Records from a data source:
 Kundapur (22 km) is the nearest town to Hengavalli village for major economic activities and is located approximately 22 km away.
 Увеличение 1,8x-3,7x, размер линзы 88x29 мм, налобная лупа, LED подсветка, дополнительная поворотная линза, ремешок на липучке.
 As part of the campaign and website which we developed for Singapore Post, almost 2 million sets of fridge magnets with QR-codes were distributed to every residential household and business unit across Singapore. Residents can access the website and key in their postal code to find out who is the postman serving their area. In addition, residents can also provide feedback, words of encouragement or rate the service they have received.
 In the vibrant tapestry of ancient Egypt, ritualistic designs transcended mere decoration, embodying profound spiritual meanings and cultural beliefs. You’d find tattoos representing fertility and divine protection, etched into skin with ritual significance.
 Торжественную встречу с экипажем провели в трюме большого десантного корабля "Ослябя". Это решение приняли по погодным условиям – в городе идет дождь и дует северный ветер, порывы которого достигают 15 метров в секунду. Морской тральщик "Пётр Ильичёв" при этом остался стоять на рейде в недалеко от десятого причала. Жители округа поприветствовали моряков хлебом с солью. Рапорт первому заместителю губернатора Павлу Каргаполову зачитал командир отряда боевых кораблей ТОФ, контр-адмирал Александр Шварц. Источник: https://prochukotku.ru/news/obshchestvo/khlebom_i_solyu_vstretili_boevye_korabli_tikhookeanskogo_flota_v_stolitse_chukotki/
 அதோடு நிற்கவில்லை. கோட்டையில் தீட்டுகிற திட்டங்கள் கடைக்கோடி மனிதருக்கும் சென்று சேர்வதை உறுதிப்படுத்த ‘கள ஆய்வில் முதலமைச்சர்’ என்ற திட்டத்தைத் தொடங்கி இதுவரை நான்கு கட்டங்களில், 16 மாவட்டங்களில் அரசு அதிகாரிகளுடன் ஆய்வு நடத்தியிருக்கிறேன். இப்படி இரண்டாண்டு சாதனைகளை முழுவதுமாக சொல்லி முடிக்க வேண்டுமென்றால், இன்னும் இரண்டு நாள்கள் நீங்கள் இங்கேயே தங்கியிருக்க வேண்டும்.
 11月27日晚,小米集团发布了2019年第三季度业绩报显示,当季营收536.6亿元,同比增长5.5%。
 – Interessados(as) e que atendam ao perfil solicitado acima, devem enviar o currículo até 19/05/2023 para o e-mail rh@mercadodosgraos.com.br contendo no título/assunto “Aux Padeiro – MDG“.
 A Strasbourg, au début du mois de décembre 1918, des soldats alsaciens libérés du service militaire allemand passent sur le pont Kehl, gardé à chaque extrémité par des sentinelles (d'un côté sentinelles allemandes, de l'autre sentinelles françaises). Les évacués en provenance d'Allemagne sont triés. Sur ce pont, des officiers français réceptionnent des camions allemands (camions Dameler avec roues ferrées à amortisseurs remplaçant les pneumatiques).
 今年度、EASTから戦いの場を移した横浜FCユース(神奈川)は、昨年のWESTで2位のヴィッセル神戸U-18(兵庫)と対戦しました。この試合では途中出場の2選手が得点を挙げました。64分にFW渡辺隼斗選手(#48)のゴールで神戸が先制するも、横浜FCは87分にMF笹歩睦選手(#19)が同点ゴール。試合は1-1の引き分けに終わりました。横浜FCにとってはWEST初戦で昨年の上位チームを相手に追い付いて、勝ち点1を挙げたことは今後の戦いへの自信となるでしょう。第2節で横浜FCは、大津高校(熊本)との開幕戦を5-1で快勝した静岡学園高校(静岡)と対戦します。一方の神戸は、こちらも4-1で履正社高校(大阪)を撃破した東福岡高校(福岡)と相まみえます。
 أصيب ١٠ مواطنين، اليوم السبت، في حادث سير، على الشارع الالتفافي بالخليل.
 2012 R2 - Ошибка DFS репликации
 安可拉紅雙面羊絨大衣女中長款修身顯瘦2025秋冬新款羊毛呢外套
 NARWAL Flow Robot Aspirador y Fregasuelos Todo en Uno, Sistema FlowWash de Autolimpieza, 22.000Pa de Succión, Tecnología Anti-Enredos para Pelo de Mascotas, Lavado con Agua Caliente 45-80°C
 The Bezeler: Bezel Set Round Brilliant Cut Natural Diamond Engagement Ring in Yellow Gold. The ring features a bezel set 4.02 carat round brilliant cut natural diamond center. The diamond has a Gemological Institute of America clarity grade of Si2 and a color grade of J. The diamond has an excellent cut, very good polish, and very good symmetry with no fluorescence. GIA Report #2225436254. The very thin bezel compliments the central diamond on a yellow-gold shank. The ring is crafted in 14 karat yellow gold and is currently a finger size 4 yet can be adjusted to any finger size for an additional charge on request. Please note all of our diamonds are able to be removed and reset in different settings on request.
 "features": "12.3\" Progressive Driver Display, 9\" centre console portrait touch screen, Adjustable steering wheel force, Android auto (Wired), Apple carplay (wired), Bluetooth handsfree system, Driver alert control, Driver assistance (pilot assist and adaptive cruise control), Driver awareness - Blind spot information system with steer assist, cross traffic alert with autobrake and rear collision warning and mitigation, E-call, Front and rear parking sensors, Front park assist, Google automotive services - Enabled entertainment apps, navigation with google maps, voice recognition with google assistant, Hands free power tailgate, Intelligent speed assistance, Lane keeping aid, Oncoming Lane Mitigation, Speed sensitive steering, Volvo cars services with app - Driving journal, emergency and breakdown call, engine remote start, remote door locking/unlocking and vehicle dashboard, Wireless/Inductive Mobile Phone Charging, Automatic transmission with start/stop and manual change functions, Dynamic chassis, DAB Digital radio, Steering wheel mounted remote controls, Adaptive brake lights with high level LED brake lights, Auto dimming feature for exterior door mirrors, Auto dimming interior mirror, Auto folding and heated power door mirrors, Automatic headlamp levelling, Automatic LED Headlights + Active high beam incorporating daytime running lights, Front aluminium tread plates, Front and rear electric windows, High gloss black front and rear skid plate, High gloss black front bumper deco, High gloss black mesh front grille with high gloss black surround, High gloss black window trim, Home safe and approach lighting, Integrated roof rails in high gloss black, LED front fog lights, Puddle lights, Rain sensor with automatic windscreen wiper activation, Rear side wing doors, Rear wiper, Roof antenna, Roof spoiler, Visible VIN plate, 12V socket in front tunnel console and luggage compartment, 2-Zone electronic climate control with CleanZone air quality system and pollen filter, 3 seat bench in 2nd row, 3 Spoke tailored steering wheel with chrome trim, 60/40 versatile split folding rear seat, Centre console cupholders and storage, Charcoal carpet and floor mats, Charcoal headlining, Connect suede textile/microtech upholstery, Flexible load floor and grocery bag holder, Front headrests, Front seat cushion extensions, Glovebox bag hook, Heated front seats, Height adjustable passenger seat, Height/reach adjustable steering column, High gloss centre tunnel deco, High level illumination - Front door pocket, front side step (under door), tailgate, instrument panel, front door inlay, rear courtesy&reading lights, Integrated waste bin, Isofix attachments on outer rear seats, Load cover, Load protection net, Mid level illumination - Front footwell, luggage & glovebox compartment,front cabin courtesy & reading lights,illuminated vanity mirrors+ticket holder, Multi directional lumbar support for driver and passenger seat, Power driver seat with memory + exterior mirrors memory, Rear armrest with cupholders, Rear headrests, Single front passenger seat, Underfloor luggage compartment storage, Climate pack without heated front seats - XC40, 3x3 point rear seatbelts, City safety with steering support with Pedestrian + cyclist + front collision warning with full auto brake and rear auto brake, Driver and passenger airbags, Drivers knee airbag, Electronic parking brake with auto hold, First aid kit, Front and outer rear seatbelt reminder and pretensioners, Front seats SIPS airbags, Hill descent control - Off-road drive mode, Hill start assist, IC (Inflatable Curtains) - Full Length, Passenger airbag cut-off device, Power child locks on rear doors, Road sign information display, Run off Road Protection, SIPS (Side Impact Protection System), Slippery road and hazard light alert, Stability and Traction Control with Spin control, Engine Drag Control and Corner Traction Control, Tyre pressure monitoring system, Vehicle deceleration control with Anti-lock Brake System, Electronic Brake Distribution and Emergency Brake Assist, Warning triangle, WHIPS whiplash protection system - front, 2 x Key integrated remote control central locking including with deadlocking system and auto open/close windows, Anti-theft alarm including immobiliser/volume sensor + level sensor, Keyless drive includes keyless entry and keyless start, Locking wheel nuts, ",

# What needs to be done
Once you find the line with "今年度、EASTから戦いの場" above, print it and every line after it up to and including the line with "2012 R2 - Ошибка DFS репликации", exactly as written and nothing else.

# Answer to the exercise
 今年度、EASTから戦いの場を移した横浜FCユース(神奈川)は、昨年のWESTで2位のヴィッセル神戸U-18(兵庫)と対戦しました。この試合では途中出場の2選手が得点を挙げました。64分にFW渡辺隼斗選手(#48)のゴールで神戸が先制するも、横浜FCは87分にMF笹歩睦選手(#19)が同点ゴール。試合は1-1の引き分けに終わりました。横浜FCにとってはWEST初戦で昨年の上位チームを相手に追い付いて、勝ち点1を挙げたことは今後の戦いへの自信となるでしょう。第2節で横浜FCは、大津高校(熊本)との開幕戦を5-1で快勝した静岡学園高校(静岡)と対戦します。一方の神戸は、こちらも4-1で履正社高校(大阪)を撃破した東福岡高校(福岡)と相まみえます。
 أصيب ١٠ مواطنين، اليوم السبت، في حادث سير، على الشارع الالتفافي بالخليل.
 2012 R2 - Ошибка DFS репликации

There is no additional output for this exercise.